▶ _Your instructions_
Nothing but the pictures is dropped; write out all the remaining data below exactly.

▶ _Data shown_

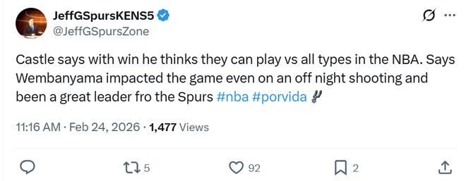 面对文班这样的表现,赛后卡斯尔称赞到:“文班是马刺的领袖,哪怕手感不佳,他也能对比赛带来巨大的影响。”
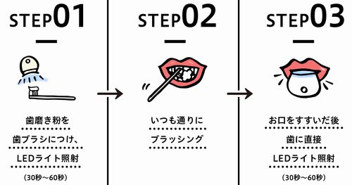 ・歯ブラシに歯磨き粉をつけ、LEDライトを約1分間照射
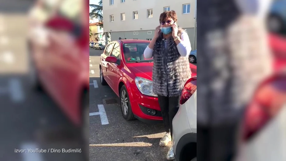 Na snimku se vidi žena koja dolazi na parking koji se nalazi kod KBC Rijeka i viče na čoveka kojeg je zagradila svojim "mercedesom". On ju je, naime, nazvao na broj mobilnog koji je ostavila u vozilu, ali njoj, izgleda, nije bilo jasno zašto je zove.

▶ _Task output_
 面对文班这样的表现,赛后卡斯尔称赞到:“文班是马刺的领袖,哪怕手感不佳,他也能对比赛带来巨大的影响。”
 ・歯ブラシに歯磨き粉をつけ、LEDライトを約1分間照射
 Na snimku se vidi žena koja dolazi na parking koji se nalazi kod KBC Rijeka i viče na čoveka kojeg je zagradila svojim "mercedesom". On ju je, naime, nazvao na broj mobilnog koji je ostavila u vozilu, ali njoj, izgleda, nije bilo jasno zašto je zove.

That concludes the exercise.